# lowrance sideview??



## ezbite (May 25, 2006)

guess this is good as any place to ask if anyone has heard that lowrance is comming out with a side imaging sonar?? ive only heard rumors and cant seem to find anything online. im really interested in one. after all, when we troll boards, that where the fish be...beside, not below the boat


----------



## Lewzer (Apr 5, 2004)

scroll to bottom of page:

http://www.lowrance.com/HDS-Revolution


http://www.idofishing.com/forum/showflat.php/Number/749670/fpart/1/lowrance-side-imaging-is-coming

http://bbcboards.zeroforum.com/zerothread?id=384279


----------



## seapro (Sep 25, 2007)

They should be out soon. 

When I was talking to Greg Hackney and Jeremy Starks at the Northern Opens at Chesapeake, I was told that the Lowrance unit will be different then the Humminbird.
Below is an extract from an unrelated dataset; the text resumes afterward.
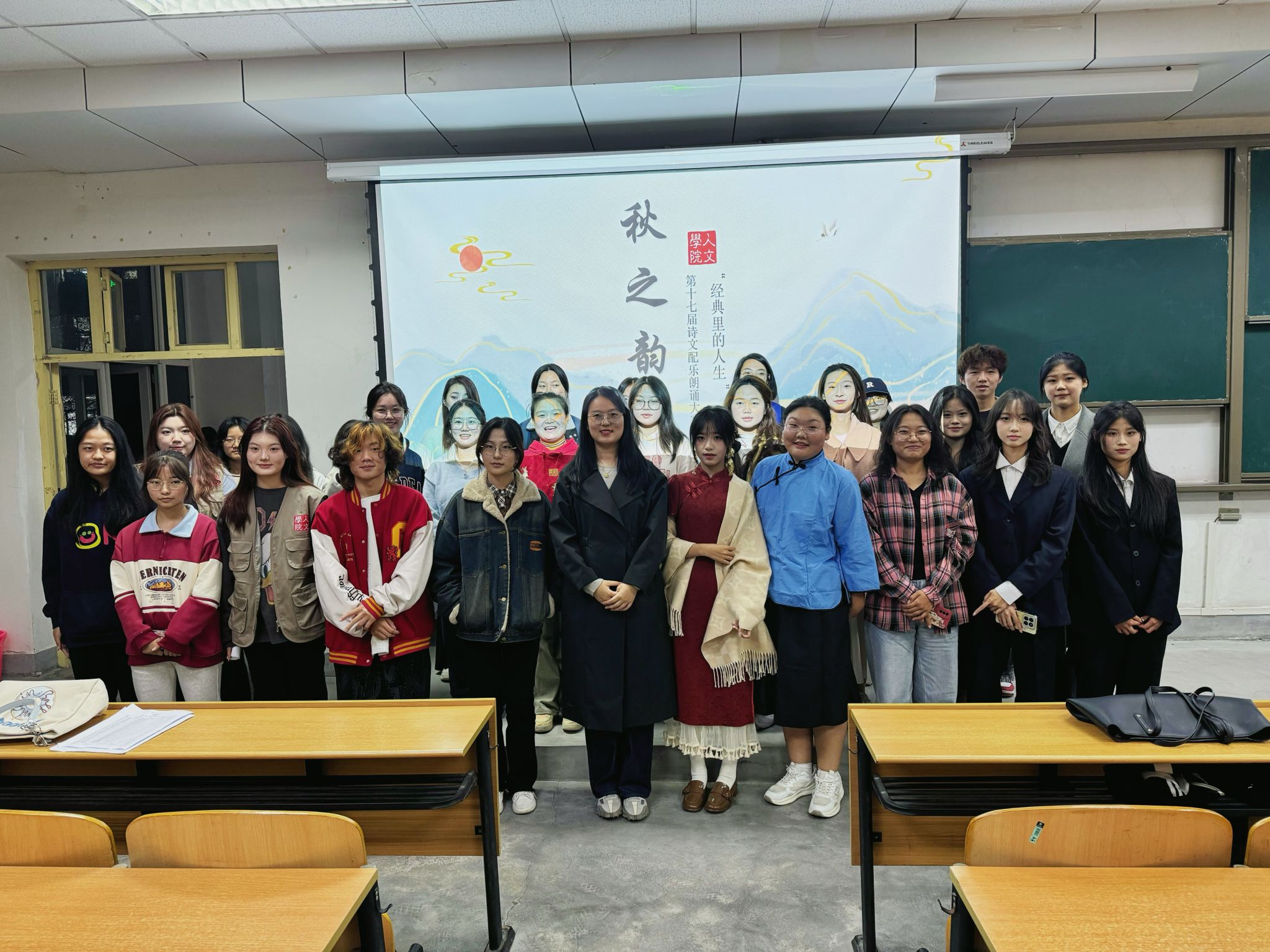 為進(jìn)一步加強我校校園美育環(huán)境建設(shè),完善美育體系,提高學(xué)生的審美和人文素養(yǎng)。10月31日晚,人文學(xué)院在鄠邑校區(qū)博覽樓A139教室開展了第十七屆“秋之韻”詩文配樂朗誦院系初賽,2024級輔導(dǎo)員樊煜及全體學(xué)生參加此次活動。

The Humminbird shows shadows of trees and rocks ect..,. The Lowrance will actually show the structure and not the shadow of the structure!!%


----------



## Skunkedagain (Apr 10, 2004)

From what I saw on tv the Lowrance will only look out to one side.


----------



## Hook N Book (Apr 7, 2004)

I had briefly talked with Steve (Got one) about the new setup he has and he indicated that upgrades were coming in the near future for the sideview technology. Maybe he has something to add here.


----------